湿った状態から乾いた状態へ遷移するときに生地が型として定着するので、もともと乾いているとしわが伸びないのである。
そのため霧吹きなどいうものが存在するので、林望先生は先の書で洗濯した後の乾ききる前のやや湿ったシャツにアイロンをかけることで時間の短縮を図ったというし、クリーニング屋さんではアイロン台の下から強制的に蒸気を吸い込む装置を使うことで高効率な作業と安定した仕上がりを確保しているようだ。
乾くと型になる似たようなものとして、陶器磁器などの焼き物、セメント類(コンクリート、モルタル)、パン・クッキーなどの焼き菓子類、などがあり、似ているが全く違うものとしてご婦人方のスキンローションがある(もしかしてそれら商品は、皺を取るには潤いが必要、と日々アイロンがけにいそしむ多くのご婦人方の深層心理に訴えているのかもしれない)。

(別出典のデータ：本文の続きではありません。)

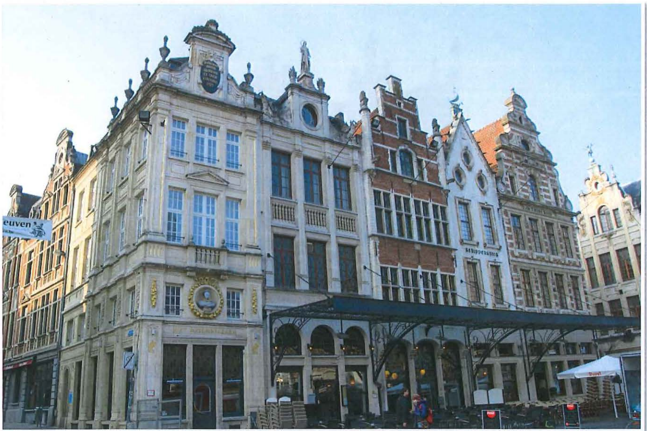
Foto 4: Leuven, Grote Markt - zicht op de zuidelijke pleinwand, panden Grote Markt nummers. 11 (links) tot 13 (rechts)

よく、知識を吸収する、と言うが、その知識は実践として使ってみないと身につかない、いわばスポンジの水状態でだだ漏れである。身につくとそれは型であり、水がスポンジの中に凝固され閉じこめられるようなイメージ。
湿った生地は柔らかく、ぞうきんなどを除いて実用に適さず、プレスした生地は堅く一度ついた型は次に湿るまでなかなか取れない。
時代の趨勢により時代遅れとなった知識やもともと誤った知識に基づいた型を正すためには、もう一度湿らす必要がある。
自分で自分に霧吹きをかけなければいけない。
さて、アイロンがけをするようになると雨の日にズボンのプレスが崩れてくるのが気になるのである。